В чем сила яркого дарования Батюшкова?
«Стих его не только слышим уху, но видим глазу: хочется ощущать извивы и складки его мраморной драпировки,» – пишет Белинский, подводя итоги творчества поэта и в этом восторженном отзыве заключается бесспорное право Батюшкова на внимание современности.
В пышную, торжественную, но тяжелую, неуклюжую поэзию первого десятилетия XIX века Батюшков входит как смелый новатор, как яростный поборник тщательной работы над словом. Он не просто пишет стих, он отшлифовывает его как кусок мрамора. Хорошо знакомый с итальянским языком, он смело берется за труднейшую и, как тогда считали, невыполнимую задачу перенести в русский стих, привыкший к неуклюжему величию державинских од, мелодичность и выразительность итальянского языка.
Батюшков не только оттачивал свой стих так, что тот лился как мелодия флейты, но заставлял русский язык, привыкший к славянизмам и варварским усечениям, звучать всей причудливой гаммой итальянской речи.
– «Звуки итальянские, что за чудотворец этот Батюшков!» – восторженно писал Пушкин на полях одного из его стихотворений. И со стороны мелодики стиха, выпуклости образов у Батюшкова, действительно, нет соперников в поэзии пушкинского периода, кроме самого Пушкина.
Пушкин шел за Батюшковым и по следам Батюшкова. Он почти полностью проделал весь путь его творческого развития, но для этого ему понадобилась не целая жизнь, как Батюшкову, а всего 3-4 года. Все стихотворения Пушкина, относящиеся к так называемому лицейскому периоду (1814-1818), связаны с именем Батюшкова. Батюшков не был великим поэтом, но взволнованное дыхание его стиха с гениальной силой зазвучало именно в мощных ямбах Пушкина. После Батюшкова приход Пушкина был уже исторически подготовлен.
До какой музыкальности доходит в своих стихах Батюшков, видно из следующего стихотворения, которое А. Майков ошибочно приписывал Пушкину:
О, память сердца!

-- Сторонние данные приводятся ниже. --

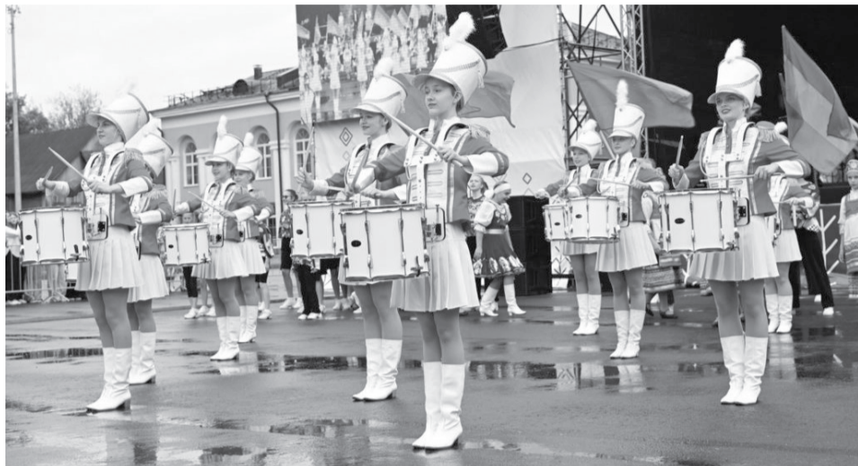
На концерте в честь Дня республики.
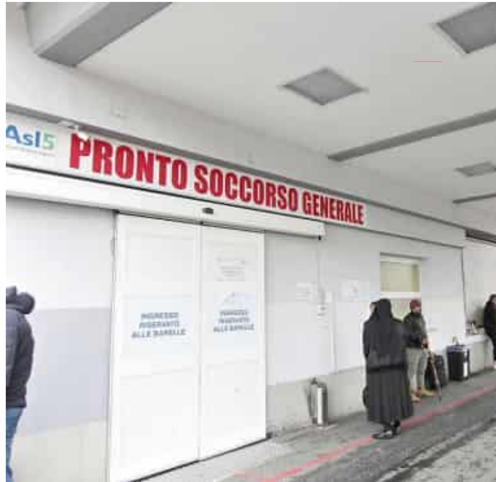
L'entrata del Pronto Soccorso dell'ospedale della Spezia Sant'Andrea

Ты сильней
Рассудка памяти печальной
И часто сладостью своей
Меня в стране пленяешь дальней.
Я помню голос милых слов,
Я помню очи голубые,
Я помню локоны златые
Небрежно вьющихся власов.
Моей пастушки несравненной
Я помню весь наряд простой,
И образ милый, незабвенный
Повсюду странствует со мной.
Хранитель – Гений мой – любовью
В утеху дан разлуки он:
Засну ль? приникнет к изголовью
И усладит печальный сон.
«Это еще не пушкинские стихи, – писал Белинский, – но после них уже надо было ожидать не каких-либо стихов, а именно пушкинских.»
В огромной работе по созданию русского литературного языка – после Пушкина Батюшкову следует отвести одно из первых мест.

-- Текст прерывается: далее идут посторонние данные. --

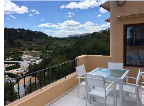
vista sobre la montaña
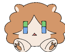
松陽マスコットキャラクター「まつりん」

В. КюхельбекерСреди пятерых казненных и ста двадцати сосланных в Сибирь декабристов Кюхельбекер занимает особое место. С пистолетом в руке, без шубы, в одном легком пиджаке штатского покроя он вышел 14 декабря на Сенатскую площадь и оставался на ней до тех пор, пока поток картечи не смел с торцов мостовой всех участников восстания.

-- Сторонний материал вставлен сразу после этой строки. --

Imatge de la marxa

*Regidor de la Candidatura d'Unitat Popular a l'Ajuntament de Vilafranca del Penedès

Таким и зарисовал его Пушкин.
Кюхельбекер в одном пиджаке, в высокой шляпе стоит около какого-то полного человека в медвежьей шубе и в вытянутой руке его зажат пистолет.
Среди военных мундиров молодых вождей декабрьского восстания длинная неуклюжая фигура Кюхельбекера в штатском платье должна была выделяться особенно резко. Несомненно, что правительственная реляция, сообщавшая наряду с именами военных о «штатских в фраках гнусного вида», подразумевала кроме Рылеева, Якубовича и Каховского и этого высокого голубоглазого человека.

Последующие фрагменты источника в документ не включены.